**WHAT THE TASK ASKS:**
A full, exact copy of the listing is needed, with images omitted.

-- GIVEN INFORMATION follows --

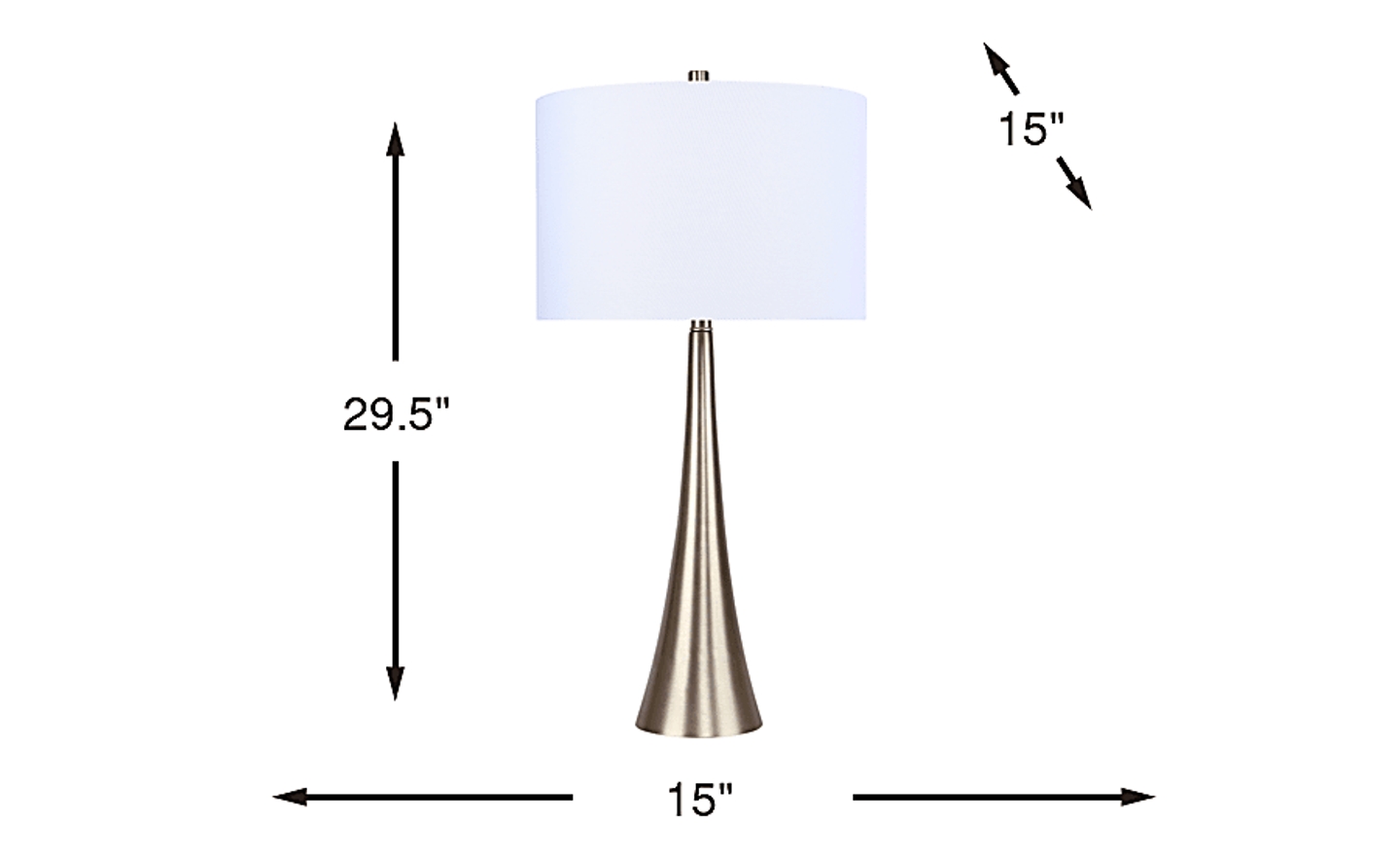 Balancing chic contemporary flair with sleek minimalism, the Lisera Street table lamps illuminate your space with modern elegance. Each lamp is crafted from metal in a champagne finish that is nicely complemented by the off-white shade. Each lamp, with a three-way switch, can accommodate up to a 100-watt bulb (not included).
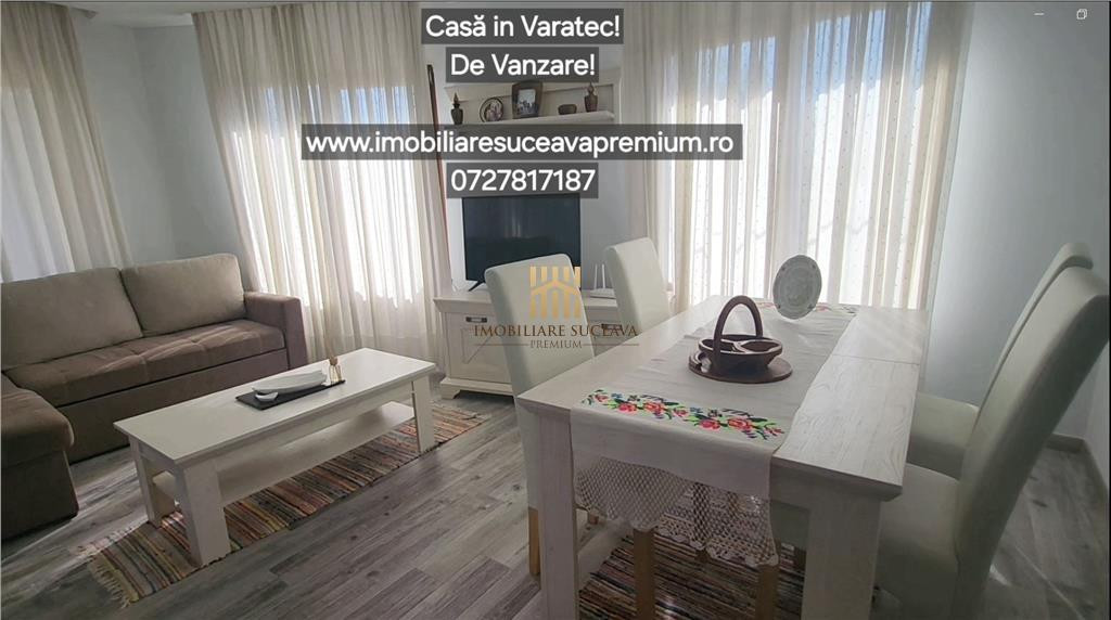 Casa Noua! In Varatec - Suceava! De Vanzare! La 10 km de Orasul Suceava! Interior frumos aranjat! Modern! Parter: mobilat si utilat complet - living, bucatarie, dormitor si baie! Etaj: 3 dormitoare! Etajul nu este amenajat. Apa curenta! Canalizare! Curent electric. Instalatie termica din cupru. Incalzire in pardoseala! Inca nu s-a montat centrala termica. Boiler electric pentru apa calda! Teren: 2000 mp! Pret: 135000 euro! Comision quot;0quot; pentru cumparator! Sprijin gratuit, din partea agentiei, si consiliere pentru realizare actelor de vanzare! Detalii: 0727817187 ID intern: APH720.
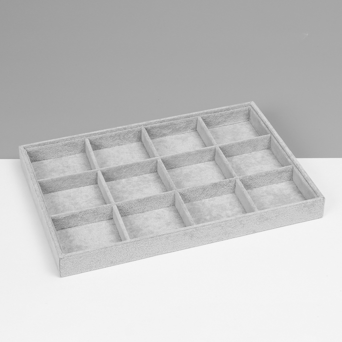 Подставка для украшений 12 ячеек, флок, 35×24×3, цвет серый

-- GIVEN INFORMATION concluded --

**EXERCISE ANSWER:**
 Balancing chic contemporary flair with sleek minimalism, the Lisera Street table lamps illuminate your space with modern elegance. Each lamp is crafted from metal in a champagne finish that is nicely complemented by the off-white shade. Each lamp, with a three-way switch, can accommodate up to a 100-watt bulb (not included).
 Casa Noua! In Varatec - Suceava! De Vanzare! La 10 km de Orasul Suceava! Interior frumos aranjat! Modern! Parter: mobilat si utilat complet - living, bucatarie, dormitor si baie! Etaj: 3 dormitoare! Etajul nu este amenajat. Apa curenta! Canalizare! Curent electric. Instalatie termica din cupru. Incalzire in pardoseala! Inca nu s-a montat centrala termica. Boiler electric pentru apa calda! Teren: 2000 mp! Pret: 135000 euro! Comision quot;0quot; pentru cumparator! Sprijin gratuit, din partea agentiei, si consiliere pentru realizare actelor de vanzare! Detalii: 0727817187 ID intern: APH720.
 Подставка для украшений 12 ячеек, флок, 35×24×3, цвет серый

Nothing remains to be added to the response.